What the response does not attempt to do — understandably at this stage — is resolve the practical boundaries of delivery.

That includes questions such as:

  • Where agent-led material ends and condition reporting begins

  • How consumers will distinguish between different types of “upfront” reports in practice

  • How reliance, scope, and responsibility will be understood consistently

These are not abstract concerns. They are the point at which consumer expectations, professional judgement, and liability meet - and where unintended consequences tend to arise when assumptions run ahead of clarity.

None of this undermines the intent of reform. It simply underlines the importance of getting the detail right before expectations harden into practice.

There is also a more subtle risk at this stage.
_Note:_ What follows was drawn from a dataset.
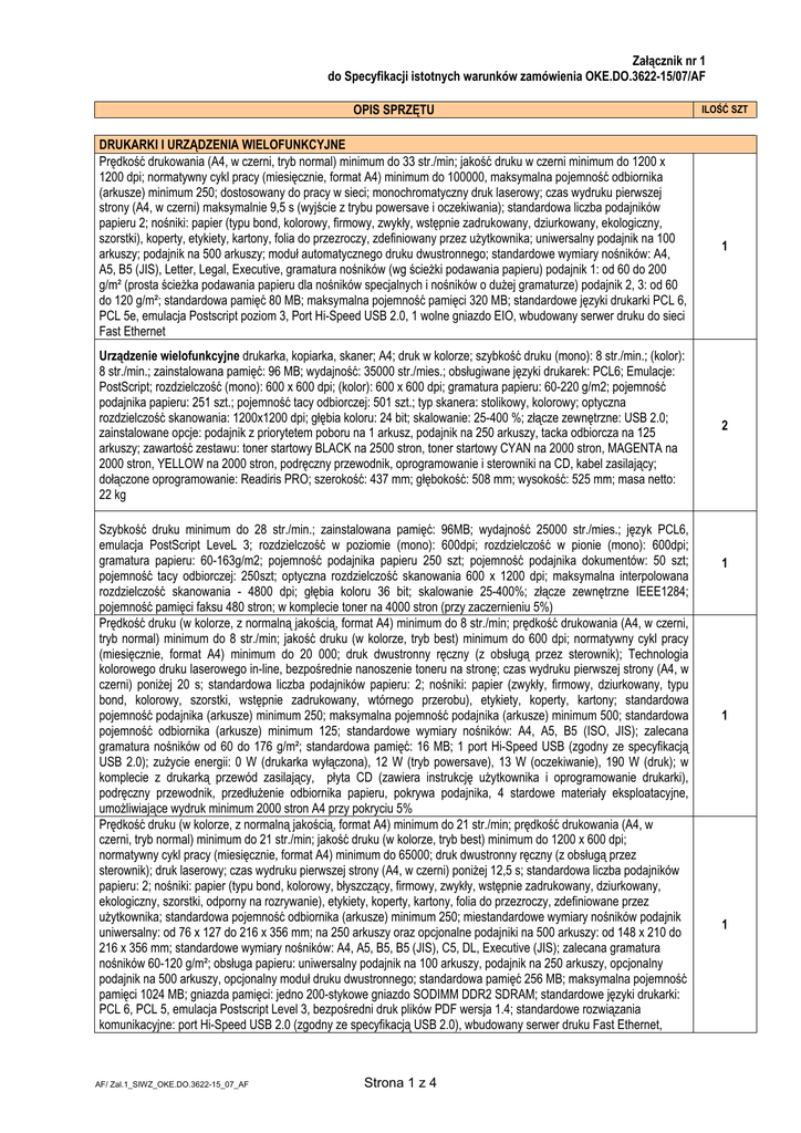 Załącznik nr 1 do Specyfikacji istotnych warunków zamówienia OKE.DO.3622-15/07/AF OPIS SPRZĘTU DRUKARKI I URZĄDZENIA WIELOFUNKCYJNE Prędkość drukowania (A4, w czerni, tryb normal) minimum do 33 str./min; jakość druku w czerni minimum do 1200 x 1200 dpi; normatywny cykl pracy (miesięcznie, format A4) minimum do 100000, maksymalna pojemność odbiornika (arkusze) minimum 250; dostosowany do pracy w sieci; monochromatyczny druk laserowy; czas wydruku pierwszej strony (A4, w czerni) maksymalnie 9,5 s (wyjście z trybu powersave i oczekiwania); standardowa liczba podajników papieru 2; nośniki: papier (typu bond, kolorowy, firmowy, zwykły, wstępnie zadrukowany, dziurkowany, ekologiczny, szorstki), koperty, etykiety, kartony, folia do przezroczy, zdefiniowany przez użytkownika; uniwersalny podajnik na 100 arkuszy; podajnik na 500 arkuszy; moduł automatycznego druku dwustronnego; standardowe wymiary nośników: A4, A5, B5 (JIS), Letter, Legal, Executive, gramatura nośników (wg ścieżki podawania papieru) podajnik 1: od 60 do 200 g/m² (prosta ścieżka podawania papieru dla nośników specjalnych i nośników o dużej gramaturze) podajnik 2, 3: od 60 do 120 g/m²; standardowa pamięć 80 MB; maksymalna pojemność pamięci 320 MB; standardowe języki drukarki PCL 6, PCL 5e, emulacja Postscript poziom 3, Port Hi-Speed USB 2.0, 1 wolne gniazdo EIO, wbudowany serwer druku do sieci Fast Ethernet Urządzenie wielofunkcyjne drukarka, kopiarka, skaner; A4; druk w kolorze; szybkość druku (mono): 8 str./min.; (kolor): 8 str./min.; zainstalowana pamięć: 96 MB; wydajność: 35000 str./mies.; obsługiwane języki drukarek: PCL6; Emulacje: PostScript; rozdzielczość (mono): 600 x 600 dpi; (kolor): 600 x 600 dpi; gramatura papieru: 60-220 g/m2; pojemność podajnika papieru: 251 szt.; pojemność tacy odbiorczej: 501 szt.; typ skanera: stolikowy, kolorowy; optyczna rozdzielczość skanowania: 1200x1200 dpi; głębia koloru: 24 bit; skalowanie: 25-400 %; złącze zewnętrzne: USB 2.0; zainstalowane opcje: podajnik z priorytetem poboru na 1 arkusz, podajnik na 250 arkuszy, tacka odbiorcza na 125 arkuszy; zawartość zestawu: toner startowy BLACK na 2500 stron, toner startowy CYAN na 2000 stron, MAGENTA na 2000 stron, YELLOW na 2000 stron, podręczny przewodnik, oprogramowanie i sterowniki na CD, kabel zasilający; dołączone oprogramowanie: Readiris PRO; szerokość: 437 mm; głębokość: 508 mm; wysokość: 525 mm; masa netto: 22 kg Szybkość druku minimum do 28 str./min.; zainstalowana pamięć: 96MB; wydajność 25000 str./mies.; język PCL6, emulacja PostScript LeveL 3; rozdzielczość w poziomie (mono): 600dpi; rozdzielczość w pionie (mono): 600dpi; gramatura papieru: 60-163g/m2; pojemność podajnika papieru 250 szt; pojemność podajnika dokumentów: 50 szt; pojemność tacy odbiorczej: 250szt; optyczna rozdzielczość skanowania 600 x 1200 dpi; maksymalna interpolowana rozdzielczość skanowania - 4800 dpi; głębia koloru 36 bit; skalowanie 25-400%; złącze zewnętrzne IEEE1284; pojemność pamięci faksu 480 stron; w komplecie toner na 4000 stron (przy zaczernieniu 5%) Prędkość druku (w kolorze, z normalną jakością, format A4) minimum do 8 str./min; prędkość drukowania (A4, w czerni, tryb normal) minimum do 8 str./min; jakość druku (w kolorze, tryb best) minimum do 600 dpi; normatywny cykl pracy (miesięcznie, format A4) minimum do 20 000; druk dwustronny ręczny (z obsługą przez sterownik); Technologia kolorowego druku laserowego in-line, bezpośrednie nanoszenie toneru na stronę; czas wydruku pierwszej strony (A4, w czerni) poniżej 20 s; standardowa liczba podajników papieru: 2; nośniki: papier (zwykły, firmowy, dziurkowany, typu bond, kolorowy, szorstki, wstępnie zadrukowany, wtórnego przerobu), etykiety, koperty, kartony; standardowa pojemność podajnika (arkusze) minimum 250; maksymalna pojemność podajnika (arkusze) minimum 500; standardowa pojemność odbiornika (arkusze) minimum 125; standardowe wymiary nośników: A4, A5, B5 (ISO, JIS); zalecana gramatura nośników od 60 do 176 g/m²; standardowa pamięć: 16 MB; 1 port Hi-Speed USB (zgodny ze specyfikacją USB 2.0); zużycie energii: 0 W (drukarka wyłączona), 12 W (tryb powersave), 13 W (oczekiwanie), 190 W (druk); w komplecie z drukarką przewód zasilający, płyta CD (zawiera instrukcję użytkownika i oprogramowanie drukarki), podręczny przewodnik, przedłużenie odbiornika papieru, pokrywa podajnika, 4 stardowe materiały eksploatacyjne, umożliwiające wydruk minimum 2000 stron A4 przy pokryciu 5% Prędkość druku (w kolorze, z normalną jakością, format A4) minimum do 21 str./min; prędkość drukowania (A4, w czerni, tryb normal) minimum do 21 str./min; jakość druku (w kolorze, tryb best) minimum do 1200 x 600 dpi; normatywny cykl pracy (miesięcznie, format A4) minimum do 65000; druk dwustronny ręczny (z obsługą przez sterownik); druk laserowy; czas wydruku pierwszej strony (A4, w czerni) poniżej 12,5 s; standardowa liczba podajników papieru: 2; nośniki: papier (typu bond, kolorowy, błyszczący, firmowy, zwykły, wstępnie zadrukowany, dziurkowany, ekologiczny, szorstki, odporny na rozrywanie), etykiety, koperty, kartony, folia do przezroczy, zdefiniowane przez użytkownika; standardowa pojemność odbiornika (arkusze) minimum 250; miestandardowe wymiary nośników podajnik uniwersalny: od 76 x 127 do 216 x 356 mm; na 250 arkuszy oraz opcjonalne podajniki na 500 arkuszy: od 148 x 210 do 216 x 356 mm; standardowe wymiary nośników: A4, A5, B5, B5 (JIS), C5, DL, Executive (JIS); zalecana gramatura nośników 60-120 g/m²; obsługa papieru: uniwersalny podajnik na 100 arkuszy, podajnik na 250 arkuszy, opcjonalny podajnik na 500 arkuszy, opcjonalny moduł druku dwustronnego; standardowa pamięć 256 MB; maksymalna pojemność pamięci 1024 MB; gniazda pamięci: jedno 200-stykowe gniazdo SODIMM DDR2 SDRAM; standardowe języki drukarki: PCL 6, PCL 5, emulacja Postscrip

While the Home Survey Standard consultation remains ongoing, signals given in broader policy responses can sometimes be interpreted — particularly by those outside the standards process - as indicating where that standard is likely to land.

That perception, even if unintended, matters.

Consultations work best when outcomes are clearly understood to be open, and when delivery models are not assumed before scope, reliance, and consumer understanding have been fully tested and agreed.

 

The question I keep coming back to

There is a widespread assumption that earlier information will reduce risk.
But the question I keep coming back to is this:

Have we agreed — and tested — what “good enough” looks like, and will consumers actually understand it?

Much of what’s happening now can be seen as different responses to that question.

Are some organisations seeing something the rest of us aren’t yet?
Or are they moving early in the hope that change will follow — at a time when political uncertainty means many are still unsure whether reform will happen at all, or in the form currently imagined?

Those distinctions matter because, while policy direction may shift, the practical consequences do not sit in policy documents.

They sit with individual practitioners.

If expectations set today harden before standards, scope, and consumer understanding are properly settled, it will be surveyors — not consultations or frameworks — who carry the professional and reputational risk.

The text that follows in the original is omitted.